Burgemeester Alon Davidi van Sderot was blij om zoveel vrienden van Israël te zien in zijn stad. “Het is belangrijk dat we hier zijn en blijven, ook al wil Hamas ons hier weg hebben. Zij proberen onze stad te verwoesten, maar wij bouwen deze op.”
Voorzitter Pim van der Hoff van Christenen voor Israël refereerde aan Israël als licht voor de volken. “De profeet Jesaja schreef dat al, en de menora is daar een tastbaar voorbeeld van.” Van Der Hoff bedankte ook de Friese ondernemers Arjen Lont en Klaas Zijlstra die zes jaar geleden de bouw van de menora op zich namen. “Vandaag, na zes jaar het licht verspreid te hebben in Nederland, willen we het licht brengen naar waar het hoort. In Israël dus.”

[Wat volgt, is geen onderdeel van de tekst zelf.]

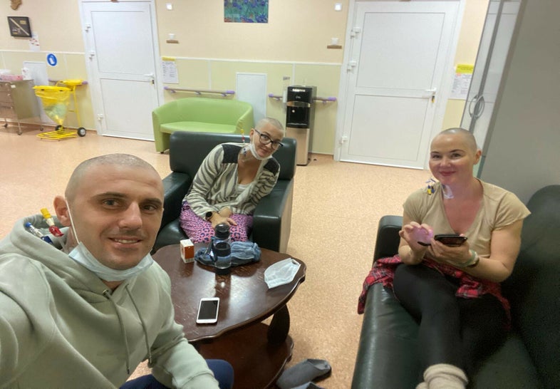 Het is zo fijn om dit samen te doen.. Some come new, some are in isolation, some almost go home.. But constantly people around, fighting this same monster. Its good to fight together. We are not alone!! - Links naar rechts Galina, Sofía, Radu, Beathe en ik.

Opperrabbijn Jacobs haakte op dat verhaal in: “Een jaar of zes geleden grapte ik tegen wat mensen van Christenen voor Israël dat als ze echt iets bijzonders wilden doen, ze maar eens de grootste menora ter wereld moesten bouwen. Blijkbaar wisten ze toen nog niet dat rabbijnen ook af en toe grapjes maken, want kijk maar eens achter mij”, zei hij wijzend naar de menora. Voor Jacobs was het de zevende keer dat hij bij het aansteken van de menora aanwezig was. De zes voorgaande keren moest hij met een hoogwerker de lucht in, maar nu was een druk op de knop voldoende om de lichten aan te zetten.

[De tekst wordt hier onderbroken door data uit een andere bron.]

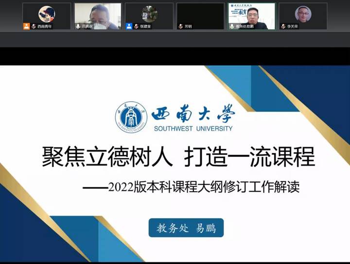 邀请教务处易鹏副处长作2022版本科课程大纲修订专题培训。会议由院长吕典秋教授主持,韩H漫

Isac Herzog (directeur Joods Agentschap) vroeg zich af hoe je in Sderot een normaal leven kunt leiden, als je wordt omgeven door zoveel duisternis. Hij gaf ook zelf het antwoord: “We drijven de duisternis weg door het licht te verspreiden.”
De menora staat nu permanent op een prominente plek in Sderot. De onthulling vond plaats een week voordat het Joodse volk Chanoeka viert, het lichtfeest waarbij ook een negen-armige kandelaar wordt gebruikt.